= Statutory Repairs, Edinburgh =

The statutory notice system in Edinburgh, Scotland, was instituted after a series of incidents in the 1990s culminating in a serious accident in 1999 in which a person was killed. Statutory notices require homeowners to carry out repairs using council-approved builders to protect the architecture of a World Heritage city. This system is unique to Edinburgh.

The value of statutory notices issued by Edinburgh Council surveyors had increased from £9.2m in 2005 to more than £30m in 2010. The statutory notice means the council can commission repair work to be carried out on buildings in the city in order to stop them deteriorating, and then charges the owners for the work. The council keeps 15% of the costs.

A BBC Scotland Investigates programme, Scotland's Property Scandal, commissioned a quantity surveyor, Gordon Murdie, and a structural engineer, John Addison, to examine repairs carried out under the statutory notice system. Their view was that residents had been overcharged. The BBC alleged the work had been given to contractors who had not been approved.

Edinburgh Council suspended several employees from the property conservation department following the BBC programme's broadcast on 20 September 2011, and instituted an independent investigation. Lothian and Borders Police are also carried out a fraud enquiry. The Police Scotland fraud probe no criminality, but the giving of gifts and hospitality in the department was said to have been widespread.

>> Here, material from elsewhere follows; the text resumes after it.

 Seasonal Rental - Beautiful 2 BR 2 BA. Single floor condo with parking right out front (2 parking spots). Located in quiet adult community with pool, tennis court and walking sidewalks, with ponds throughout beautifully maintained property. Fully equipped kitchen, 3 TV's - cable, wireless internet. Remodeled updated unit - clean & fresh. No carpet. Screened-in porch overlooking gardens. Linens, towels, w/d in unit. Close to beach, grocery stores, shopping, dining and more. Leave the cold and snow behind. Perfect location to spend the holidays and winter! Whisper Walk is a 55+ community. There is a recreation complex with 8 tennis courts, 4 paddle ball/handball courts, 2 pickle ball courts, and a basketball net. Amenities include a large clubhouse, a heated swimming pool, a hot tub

By January 2012 at least 650 complaints had been received by the council. A working estimate suggests that the total amount of overcharging (based on a figure of ten per cent of the value of building repairs contracts since 2005) may exceed £13.5M.

In April 2013 the Statutory Notice system was scrapped for all but emergency work.

An Internal Auditor report indicated that there had been 986 complaints about statutory repairs worth £30bn. The Property Conservation closure cost the council at least £8.3m in consultancy costs since 2011 with, at its height, a team of 42 seconded staff and consultants from Thomson Bethune and Deloitte working on the wind down.